The Ethereum blockchain will be divided into 64 distinct chains which are named shard chains. These chains will run in parallel to one another and will interact as a result of sharding. Sharding improves scalability by allowing Ethereum to handle many transactions at the same time: 64 blocks at a time, potentially.

Subsequently, businesses accepting ETH payments will receive their coins faster thanks to a better throughput of the network.


Miners have played a critical role in the construction and maintenance of the Proof-of-Work version of the Ethereum blockchain. Yet, in order to become a miner, Individuals must acquire and install expensive hardware such as graphics cards. To make significant returns from block rewards, people will almost certainly need to live in a place with reduced power expenses.

Moreover, decreased power prices are usually offered to companies and corporations, implying that a miner seeking higher returns would also need to set up an enterprise and acquire sufficient mining hardware to rationalize their efforts. Several of the largest mining corporations outcompete the bulk of normal blockchain users in terms of network maintenance, resulting in centralization, the very thing every blockchain tries to avoid. 

Ethereum 2.0 seeks to make participating in the network more accessible for ordinary users. PoS will involve staking, so there will not be any need for purchasing expensive equipment. Users will simply have to lock their ETH coins in a smart contract to benefit from the blockchain.

Thus, businesses accepting ETH will have a chance to stake their coins and get more ETH as a result.



The switch to Proof-of-Stake will also remove the need for energy-intensive mining. The PoW version of Ethereum requires a substantial volume of electricity. So, its current power consumption is comparable to that of Chile, while its carbon footprint is on the same level as Finland’s.

Basically, Ethereum consumes too much power which is not sustainable and should be fixed. 

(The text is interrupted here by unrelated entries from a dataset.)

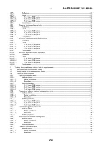 ETSI ETSI EN 301 908-7 V4.2.1 (2010-03) 4 4.2.7.1 Definition . 25 4.2.7.2 Limits . 25 4.2.7.2.1 3,84 Mcps TDD option . 25 4.2.7.2.2 1,28 Mcps TDD option . 25 4.2.7.2.3 7,68 Mcps TDD option . 25 4.2.7.3 Conformance . 26 4.2.8 Receiver blocking characteristics . 26 4.2.8.1 Definition . 26 4.2.8.2 Limits . 26 4.2.8.2.1 3,84 Mcps TDD option . 26 4.2.8.2.2 1,28 Mcps TDD option . 27 4.2.8.2.3 7,68 Mcps TDD option . 29 4.2.8.3 Conformance . 30 4.2.9 Receiver intermodulation characteristics . 30 4.2.9.1 Definition . 30 4.2.9.2 Limits . 30 4.2.9.2.1 3,84 Mcps TDD option . 30 4.2.9.2.2 1,28 Mcps TDD option . 30 4.2.9.2.3 7,68 Mcps TDD option . 31 4.2.9.3 Conformance . 31 4.2.10 Receiver adjacent channel selectivity . 31 4.2.10.1 Definition . 31 4.2.10.2 Limits . 31 4.2.10.2.1 3,84 Mcps TDD option . 31 4.2.10.2.2 1,28 Mcps TDD option . 32 4.2.10.2.3 7,68 Mcps TDD option . 32 4.2.10.3 Conformance . 33 5 Testing for compliance with technical requirements . 33 5.1 Environmental conditions for testing . 33 5.2 Interpretation of the measurement results . 33 5.3 Essential radio test suites . 35 5.3.1 Spectrum emission mask . 35 5.3.1.1 Method of test . 35 5.3.1.1.1 Initial conditions . 35 5.3.1.1.2 Procedure . 38 5.3.1.2 Test requirements . 38 5.3.1.2.1 3,84 Mcps TDD option . 38 5.3.1.2.2 1,28 Mcps TDD option . 39 5.3.1.2.3 7,68 Mcps TDD option . 39 5.3.2 Transmitter adjacent channel leakage power ratio . 39 5.3.2.1 Method of test . 39 5.3.2.1.1 Initial conditions . 39 5.3.2.1.2 Procedure . 41 5.3.2.2 Test requirements . 43 5.3.2.2.1 3,84 Mcps TDD option . 43 5.3.2.2.2 1,28 Mcps TDD option . 43 5.3.2.2.3 7,68 Mcps TDD option . 43 5.3.3 Transmitter spurious emissions . 43 5.3.3.1 Method of test . 43 5.3.3.1.1 Initial conditions . 43 5.3.3.1.2 Procedure . 46 5.3.3.2 Test requirements . 46 5.3.4 Base station maximum output power . 46 5.3.4.1 Method of test . 46 5.3.4.1.1 Initial conditions . 46 5.3.4.1.2 Procedure . 48 5.3.4.2 Test requirements . 48 5.3.5 Transmit intermodulation . 48 5.3.5.1 Method of test . 48 5.3.5.1.1 Initial conditions . 48 5.3.5.1.2 Procedure . 53 SIST EN 301 908-7 V4.2.1:2010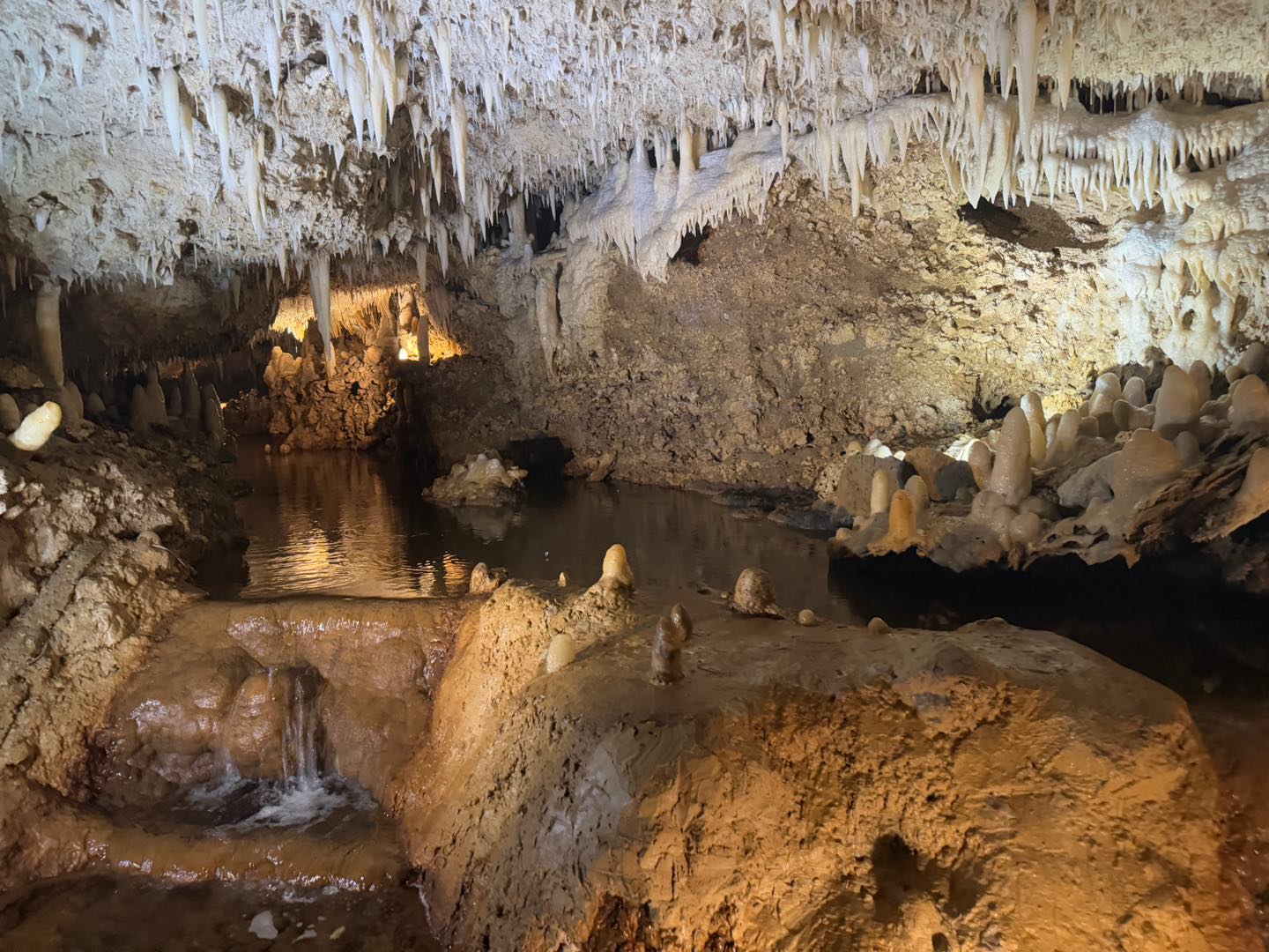 The tram began to roll, and we sped through the winding path below the Earth into the most beautiful stalactite formations I have ever seen. We stopped at some incredible views, including the great hall, an over 50ft tall room full of stalactites and waterfalls, absolutely breathtaking. Another stop was Mirror Pond, a pool of water that looked like it could maybe be the height of the bottom of your shoe but was, in fact, over 4 feet deep! We stopped at a waterfall shortly down the path, where we reached out to touch the underground flowing water.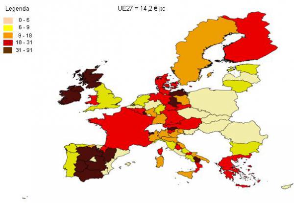 Tra tutti, comunque, il Paese che appare maggiormente frammentato e soprattutto diversificato, senza tendenze precise che caratterizzano un’area dalle altre, è senza dubbio l’Italia, che mostra regioni appartenenti a cinque delle complessive sei fasce individuate rispetto alla spesa per chilometro quadrato. Una ancor maggiore eterogeneità del contesto italiano si osserva nella cartina che riporta la distribuzione della spesa per abitante, tanto che si passa dal Lazio, con 5,1 euro per persona, alla Valle d’Aosta, con una somma a disposizione per persona di 43,6 euro.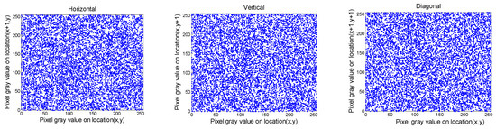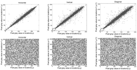 where ax, bx indicate the bordering pixels. The outcomes of Crab are provided in Table 4 and Table 5. The distribution of Crab for Gim2 and Cim2 images are plotted in Figure 8, Figure 9, Figure 10 and Figure 11, respectively. It is evident from the outcomes in Table 4 and Table 5 that the values of Crab for the input data always approach 1, and those of the output images tend to be zero. In addition, from the plots presented in Figure 8, Figure 9, Figure 10 and Figure 11, we can observe that the bordering pixels of the input images were linearly distributed. In contrast, the bordering pixels of the output images were randomly distributed. From these observations, it is obvious that any cryptanalyst could break the algorithm based on statistical analysis.

A Proof-of-Stake mechanism is a perfect solution for addressing the power-consumption problem. Since PoS networks rely on validators staking their tokens, there is no demand for mining equipment. According to recent estimates, Ethereum 2.0 will consume around 2.62 megawatts of electricity which is similar to the power volume required by a small town with a couple of thousand homes. Given that Ethereum is a massive ecosystem of thousands of apps, this is quite an impressive result.

Businesses will be able to use ETH as a sustainable payment method.


Ethereum 2.0 is also much more secure than the previous version of the network. A Proof-of-Work mechanism is a rather centralized system since it is run by a small group of miners, which subsequently reduces network security. Ethereum 2.0 will have at least 16k validators to make the network run, which turns the network into a much more decentralized system. Basically, validators put their coins into smart contracts which is called staking. Therefore, the more coins these people stake the more they have to lose, which reinforces the security of the network making it safer for everyone.

Do payment gateways support Ethereum 2.0?

Many crypto gateways announced their support of Ethereum PoS. For instance, NOWPayments began supporting Ethereum 2.0 as soon as the Merge happened. The clients do not face any difficulty using the new version of the network. Moreover, if a hard fork happens and some Ethereum users decide to keep the old PoW version network running, there also will be an option to accept ETHW payments. 


Is ETH 2 a new coin?

There will not be any new coin created as a result of Ethereum 2.0, so you can continue using the same ETH coin after the merge.

Will the gas be cheaper after the merge?

The official position of the Ethereum Foundation concerning the network fees on Ethereum 2.0 states that there will not be any significant changes to the size of the fees.

How will The Merge affect me?

The Merge will not affect users, including NOWPayments’ partners, in any considerable way, so you will not need to change anything or make adjustments once Ethereum 2.0 is here.

What is “Ethereum Sharding”?

Ethereum Sharding is an innovative approach to boosting the efficiency of the network which involves dividing the blockchain into smaller chains.

What happens to Ethereum when 2.0 comes out?

After the Merge, Ethereum became a more secure, scalable, and sustainable network.